After finding the line with "初日の宵宮祭りで、神輿が清め" in the data below, set down exactly each line through the one with "WGU D353 TASK", inclusive, and stop there.

RECORDS START

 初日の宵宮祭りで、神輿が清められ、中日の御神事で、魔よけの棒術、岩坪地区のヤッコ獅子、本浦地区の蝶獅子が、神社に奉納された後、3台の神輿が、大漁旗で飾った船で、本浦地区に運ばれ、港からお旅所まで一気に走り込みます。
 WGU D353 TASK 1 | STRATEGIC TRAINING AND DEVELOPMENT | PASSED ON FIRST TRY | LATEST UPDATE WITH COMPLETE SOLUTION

RECORDS END
RECORDS START

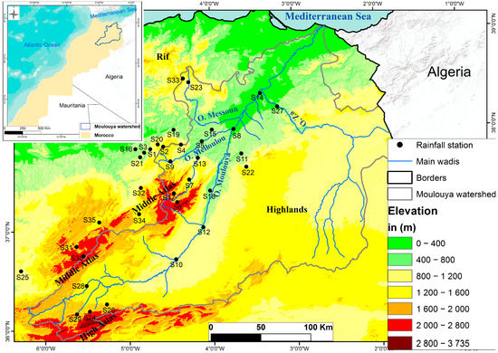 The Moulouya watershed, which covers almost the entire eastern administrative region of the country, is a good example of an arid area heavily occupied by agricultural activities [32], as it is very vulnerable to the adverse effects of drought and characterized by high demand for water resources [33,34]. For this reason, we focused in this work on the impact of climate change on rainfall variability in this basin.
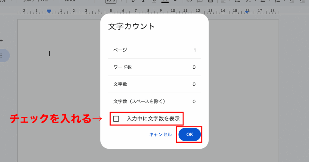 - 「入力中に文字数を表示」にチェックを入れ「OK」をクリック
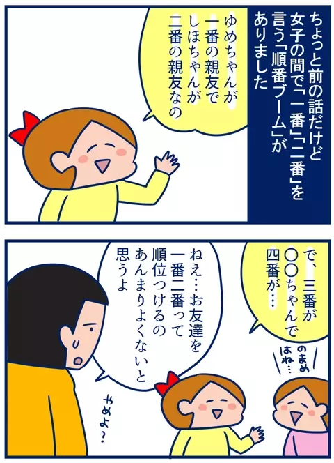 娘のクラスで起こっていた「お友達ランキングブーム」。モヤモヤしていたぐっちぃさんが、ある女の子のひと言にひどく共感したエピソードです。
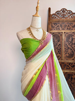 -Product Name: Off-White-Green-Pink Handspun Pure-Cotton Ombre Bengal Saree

RECORDS END
RECORDS START

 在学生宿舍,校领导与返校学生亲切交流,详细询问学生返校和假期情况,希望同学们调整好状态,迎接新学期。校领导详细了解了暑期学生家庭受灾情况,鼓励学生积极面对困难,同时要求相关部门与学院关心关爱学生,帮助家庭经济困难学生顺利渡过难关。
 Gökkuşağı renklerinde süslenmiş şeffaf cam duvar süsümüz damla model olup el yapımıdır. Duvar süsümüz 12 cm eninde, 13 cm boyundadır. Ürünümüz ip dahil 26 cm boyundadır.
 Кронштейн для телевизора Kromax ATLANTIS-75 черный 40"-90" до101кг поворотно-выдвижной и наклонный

RECORDS END

SOLUTION TO THIS PROBLEM ▸
 初日の宵宮祭りで、神輿が清められ、中日の御神事で、魔よけの棒術、岩坪地区のヤッコ獅子、本浦地区の蝶獅子が、神社に奉納された後、3台の神輿が、大漁旗で飾った船で、本浦地区に運ばれ、港からお旅所まで一気に走り込みます。
 WGU D353 TASK 1 | STRATEGIC TRAINING AND DEVELOPMENT | PASSED ON FIRST TRY | LATEST UPDATE WITH COMPLETE SOLUTION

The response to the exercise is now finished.